I had a similar issue years ago. My solicitor was interested only in getting his fee for conveyance and didn’t want to hear about our ‘conditions’. We held firm and were glad that we did. Solicitor was annoyed with us. Relations not great with the neighbour but we put down a marker which has served us well over the years.


----------



## MandyD (6 Jan 2023)

Thank you for your comments @bish123 and @Salvadore! 

Of course it would make a lot of sense to resolve it now. Although we thought that doing it now would actually mean avoiding bad relations with the neighbour altogether as clear boundary line would address any ambiguity. If I had to choose to start on the bad foot with a stranger next door or try resolve any potential future issues with a neighbour we may become friendly with - the latter option sounds better.

We are worried that we loose the house if we make things difficult for the vendor, or that it all drags on with our letter of loan offer expiring and mortgage interest rates rising. We are eager to move into our own place as it took us a long time to find a house that we like and can afford. Plus our rent is set to increase yet again in March. So lots of motivation to just get on with it.

We'll hear what our solicitor advises next week.


----------



## NoRegretsCoyote (6 Jan 2023)

MandyD said:


> We are worried that *we loose the house if we make things difficult for the vendor*, or that it all drags on with our letter of loan offer expiring and mortgage interest rates rising.


This is very likely to be an issue for the vendor if the sale falls through with you and it goes back on the market again.

It is in their interest to resolve it now.


----------



## MandyD (6 Jan 2023)

True @NoRegretsCoyote - thank you.


----------



## peemac (6 Jan 2023)

I'd be more worried about what the direct and attached next door neighbours are like.

Maybe make a few discreet enquiries.

There's nothing worse than having bad neighbours and you may find this a blessing in disguise.


----------



## cremeegg (7 Jan 2023)

Did you get an engineers report to confirm the boundaries. That is fairly standard I would say. 

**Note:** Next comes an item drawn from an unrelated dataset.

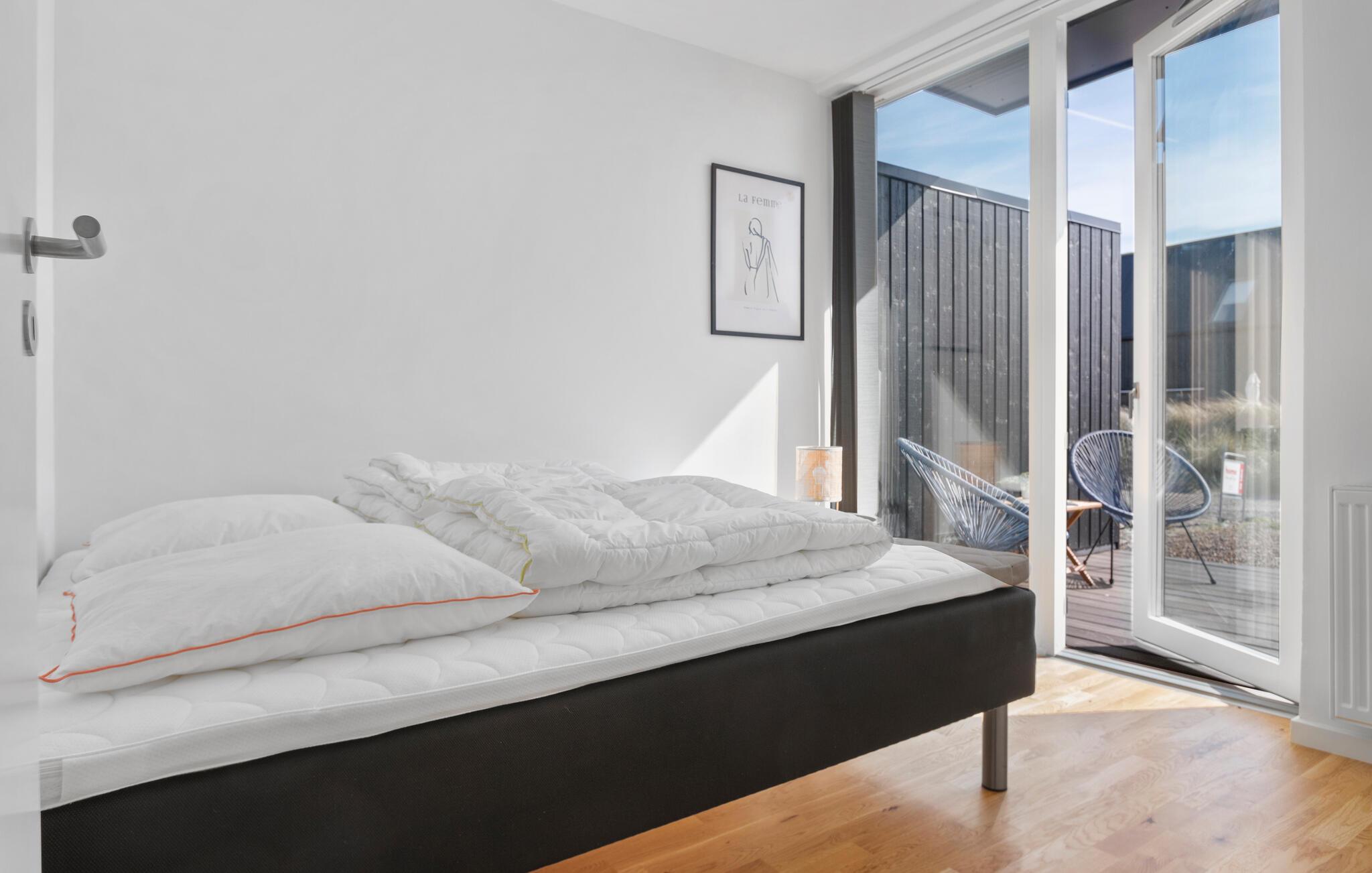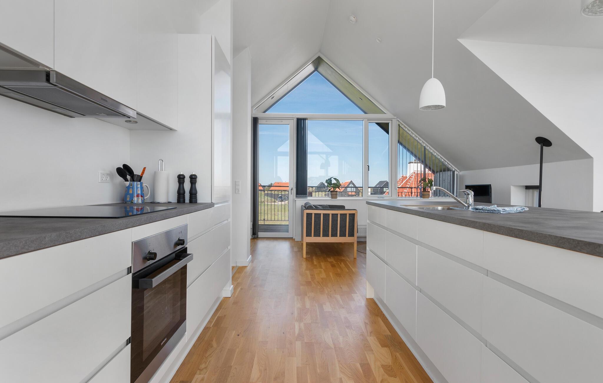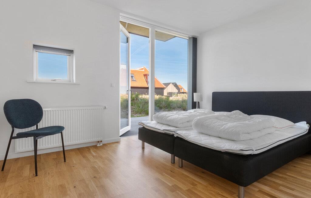 Velkommen til dette moderne hus, der ligger i et naturskønt område med udsigt over klitterne og Nordstranden, hvor I kan holde øje med skibsfarten på havet i løbet af dagen. Huset er flot indrettet over to etager; soveværelserne er i stueetagen, mens fælleslokalerne er på første sal, så I kan kræse om livretterne i det fuldt udstyrede køkken med en dejlig udsigt. Hvis vejret bider lidt, kan I tænde op i pejsen og nyde dens varme og knitren til brætspillene, og på de varme aftener, kan I nyde den sene aftensol på de en af altanerne eller terrasserne, der vender mod både øst og vest.
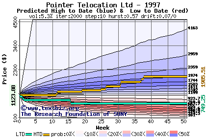 The high to date and low to date prices of the stock plotted against a random walk model for 1997 (what's this?).

I would have thought the bank would not issue the loan with this outstanding

Something does not add up here.


----------



## dubdub123 (7 Jan 2023)

The surveyor should be able to check land registry and confirm boundary and if its not matching the physical boundary I would have expected that the solicitor would need to flag this with lender.
I had an awful run around when buying my house as the surveyor flagged a minor planning issue - a porch door that had been in place years, but that previous owners could not confirm 7 year rule as they were here couple of years. Literally as minor as you could get, but solicitor was under an obligation to notify my lender. At one stage it looked like we would need to give lender an undertaking (i think was the phrase). 
I would also be concerned about the possibility of issues with neighbour in your scenario. They clearly knew they were crossing boundary but dont care. It might be grand if you get it sorted but they could be an aggrieved person who will make life difficult.


----------



## NoRegretsCoyote (7 Jan 2023)

dubdub123 said:


> I had an awful run around when buying my house as the surveyor flagged a minor planning issue - a porch door that had been in place years, but that previous owners could not confirm 7 year rule as they were here couple of years


I have relatives selling a rural one-off who have still not signed contracts on a house that went sale agreed six months ago.

Buyer's lender raised issue about boundaries that needed an architect's report, then a planning issue related to a misplaced septic tank from the 1980s. They need confirmation from CC that enforcement action was never taken.

All of these issues were present when relatives bought in 1990s but lenders seemed less bothered then. Am not sure if criteria are stricter now but it's worth bearing in mind.

@MandyD - it's not impossible that your own lender might raise the boundary issue before drawdown.


----------



## MandyD (7 Jan 2023)

peemac said:


> I'd be more worried about what the direct and attached next door neighbours are like.
> 
> Maybe make a few discreet enquiries.
> 
> There's nothing worse than having bad neighbours and you may find this a blessing in disguise.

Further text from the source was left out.